Yes but to the original topic, this feature was not copied from Everquest.
- The economy in EverQuest is superior to any other MMO I've ever played. There are really, really, really exciting items you can buy with the currency. People go out and farm the currency because of how valuable it is. Meanwhile on WoW I have over 10 million gold, and could buy dozens of WoW tokens. That's about all I could buy. You basically can't buy any powerful items in WoW, making the economy extremely boring.
Irrelevant point, and economy was very strong in classic WoW, but not part of the original statement that its copy/paste from EQ.
Talent Trees were not original to WoW. I also remember playing City of Heroes months before WoW came out; game was built around completely customizing your character through talent trees. EQ 2 also had talent trees and came out before WoW. Talent trees in WoW have also aged horribly to where you have no choice. It's hard to get excited about the next expansion coming out because they highlight these super unique talent choices, but in reality I can just glance at them and already know which ones will be mandatory for my spec to be viable.
Everquest 2 released 2 weeks before WoW. WoW did not copy talent trees from EQ2. They did get talent ideas from other MMOs as shown above, this is true, but not part of the original argument.
-Instances are not original to WoW. The first time an instance ever appeared in an MMO was EverQuest, Lost Dungeons of Norrath.
There is a one year gap between Lost Dungeons of Norrath and WoWs release.

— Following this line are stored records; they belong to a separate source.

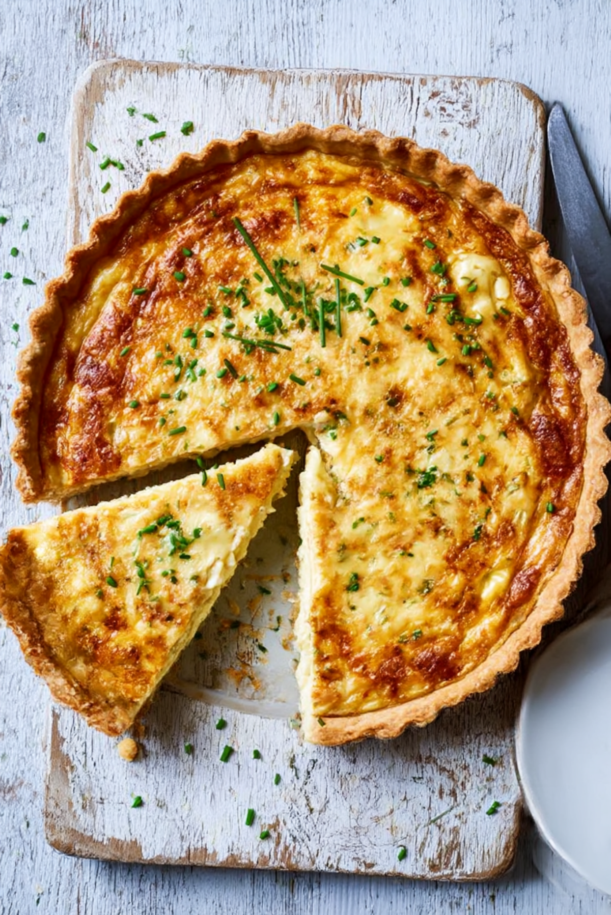 - Assemble the Dish: Blind-bake for 15 minutes, remove weights and bake 5 minutes more. Spread onions in base, pour in custard, sprinkle chives.
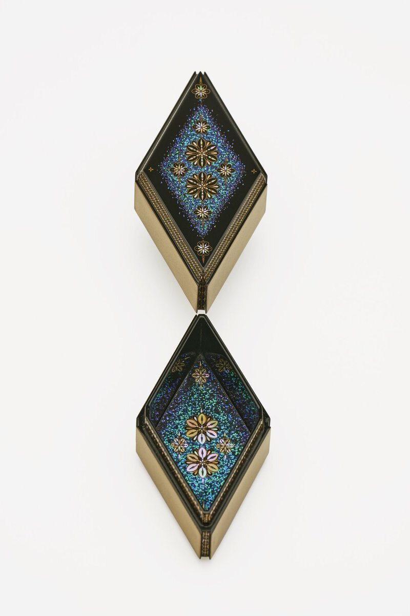 11月13日は #うるしの日 こちらの浅井作品をお楽しみください! 蒔絵螺鈿菱形香合 「燐光」 Diamond Shape Incense Container with Maki-e and Inlaid Mother-of-pearl 2022 @Yasuhiro_Asai Photo by Tadayuki Minamoto
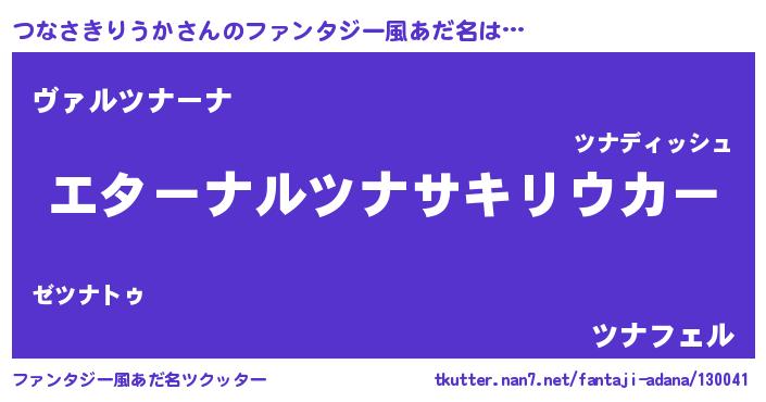 | 意味不明あだ名 | 『つなさきりうかフォーエバー』 |
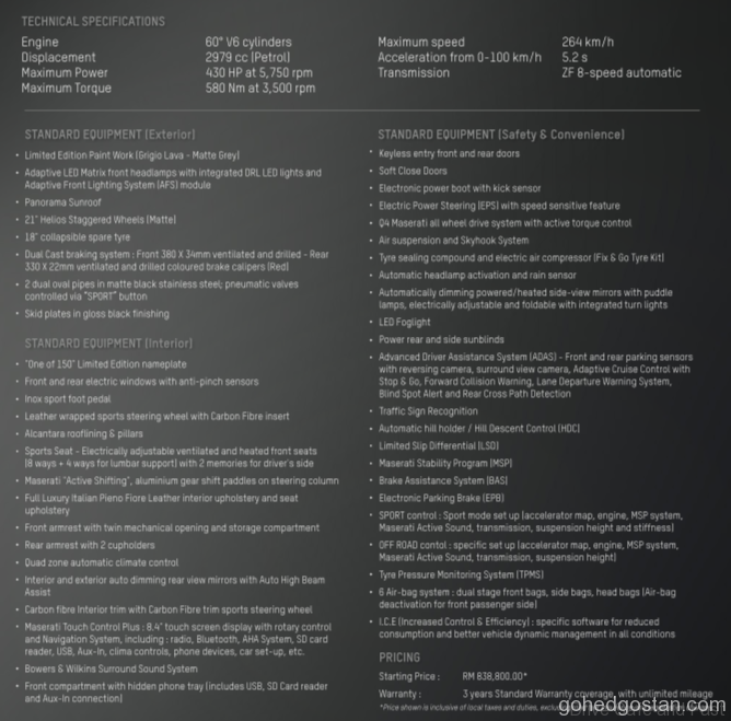 Harga termasuk perlindungan Jaminan 3 tahun tanpa batasan jarak pembatuan serta program penyelenggaraan percuma 3 tahun / 100,000 km yang mana lebih awal (Termasuk * Maserati Premium Service Plus 3 Tahun / 60,000 km).

WoWs development began in 1999. I have read John Staats book several times as I was an original kickstarter, but I can not say definitively what month/year they confirmed instancing for WoW dungeons, however, if I had to dig for it, I am confident it was not the last 12 months of the development cycle, since they had to extend the release date, implying the majority of technical tasks were in some sort of progression or near completion state, and the idea that they just then pivoted to instanced dungeons because of LDON would be ridiculous. Again, only to argue that WoW is not copy/paste EQ, it doesn't really matter if another game did it first.
I find that WoW did a terrible job at this to be honest. In EverQuest a Shaman or Druid can Heal or DPS. They are true hybrids in that sense. There's no such thing as inviting a Shaman and finding out he can't heal, or inviting a Druid and finding out he can't deal DPS.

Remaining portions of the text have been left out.